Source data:
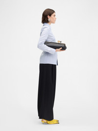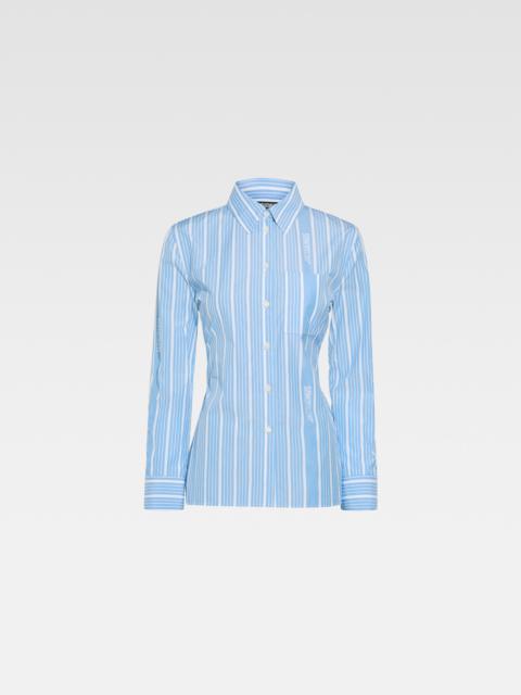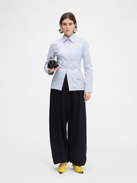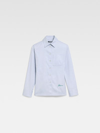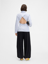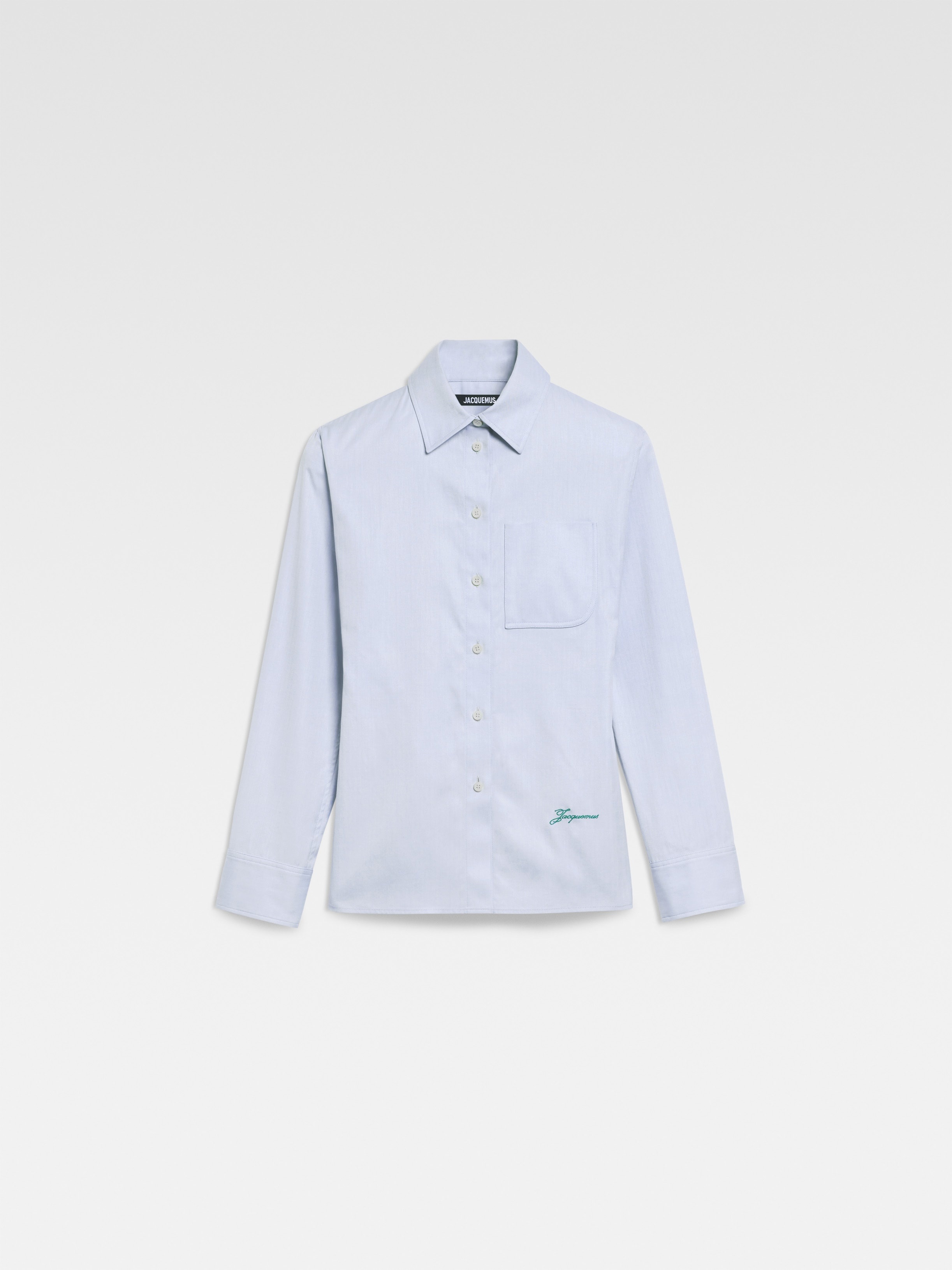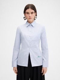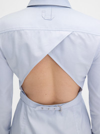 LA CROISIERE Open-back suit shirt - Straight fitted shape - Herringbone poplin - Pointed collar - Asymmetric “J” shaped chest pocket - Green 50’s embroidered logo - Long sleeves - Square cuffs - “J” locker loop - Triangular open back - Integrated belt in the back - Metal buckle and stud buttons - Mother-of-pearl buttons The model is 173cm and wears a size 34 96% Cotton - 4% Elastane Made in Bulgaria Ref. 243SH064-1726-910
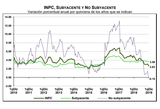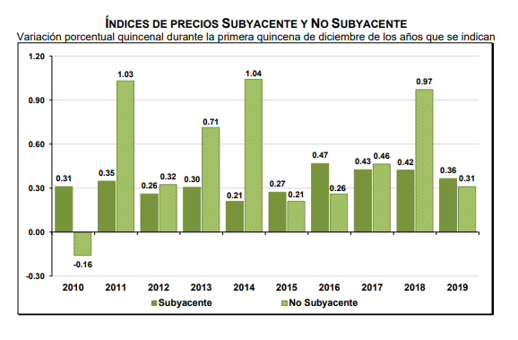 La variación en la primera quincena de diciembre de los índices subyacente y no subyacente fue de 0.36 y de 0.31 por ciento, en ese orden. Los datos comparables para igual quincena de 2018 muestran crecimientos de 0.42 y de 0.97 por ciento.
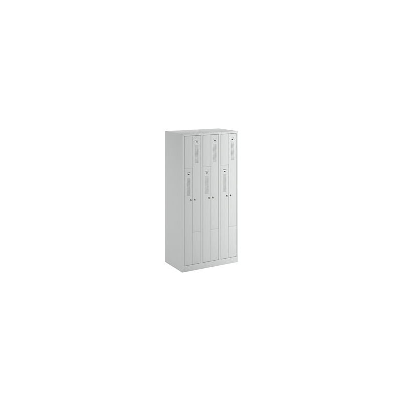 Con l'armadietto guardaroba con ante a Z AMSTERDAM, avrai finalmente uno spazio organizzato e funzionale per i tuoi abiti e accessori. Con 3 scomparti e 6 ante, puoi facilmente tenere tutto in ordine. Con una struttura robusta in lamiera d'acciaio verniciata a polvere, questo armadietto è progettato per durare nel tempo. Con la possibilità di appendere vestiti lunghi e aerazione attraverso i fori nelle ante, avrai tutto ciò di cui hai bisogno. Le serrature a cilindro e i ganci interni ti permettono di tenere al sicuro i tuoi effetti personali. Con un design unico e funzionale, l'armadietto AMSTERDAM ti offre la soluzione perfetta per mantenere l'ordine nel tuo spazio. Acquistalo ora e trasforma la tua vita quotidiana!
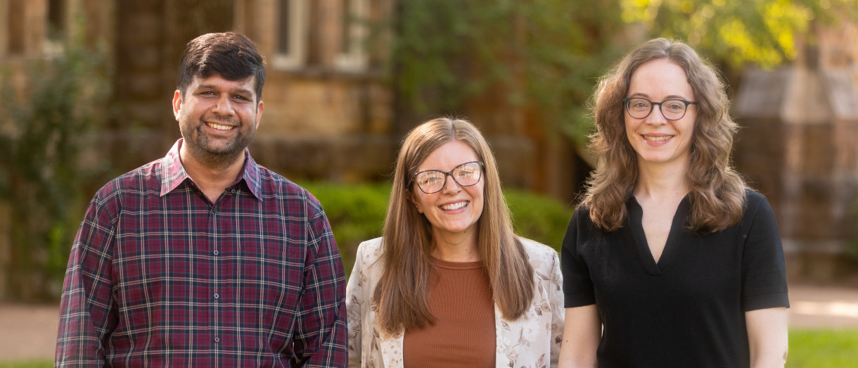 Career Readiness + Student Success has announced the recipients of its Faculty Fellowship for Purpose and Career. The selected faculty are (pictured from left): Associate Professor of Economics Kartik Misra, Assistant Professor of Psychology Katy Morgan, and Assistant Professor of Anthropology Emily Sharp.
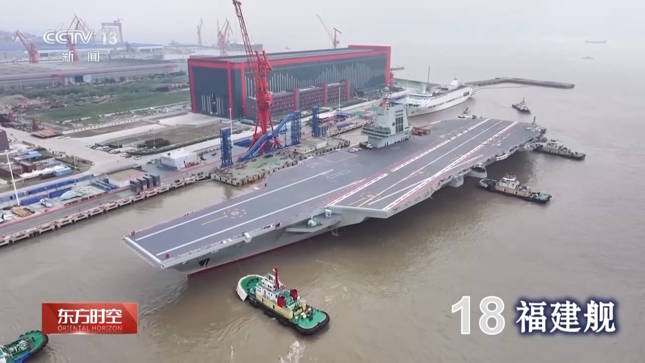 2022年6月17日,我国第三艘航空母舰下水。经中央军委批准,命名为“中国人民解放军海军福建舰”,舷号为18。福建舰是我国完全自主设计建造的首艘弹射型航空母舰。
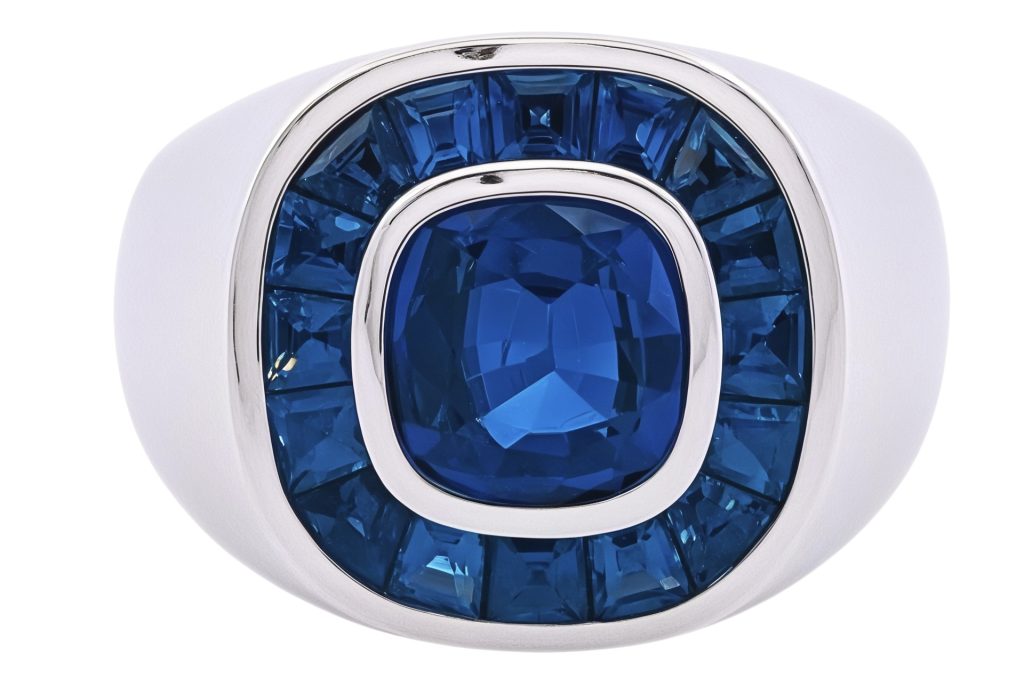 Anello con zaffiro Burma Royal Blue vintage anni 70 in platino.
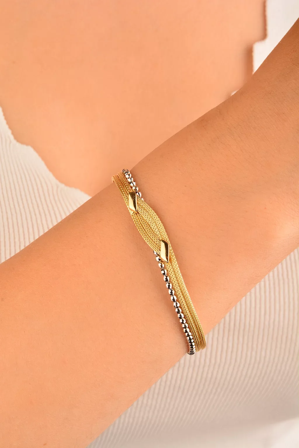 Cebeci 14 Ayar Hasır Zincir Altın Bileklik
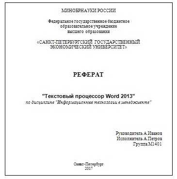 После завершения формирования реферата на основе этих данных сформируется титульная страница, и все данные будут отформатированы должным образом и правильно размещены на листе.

■ **WORK ITEM**: Each line from the one bearing "Cebeci 14 Ayar Hasır Zincir Altın Bileklik" through the final line of the records is to be copied exactly, and no pictures are to be included.

■ **SOLUTION FOR THIS EXERCISE**:
 Cebeci 14 Ayar Hasır Zincir Altın Bileklik
 После завершения формирования реферата на основе этих данных сформируется титульная страница, и все данные будут отформатированы должным образом и правильно размещены на листе.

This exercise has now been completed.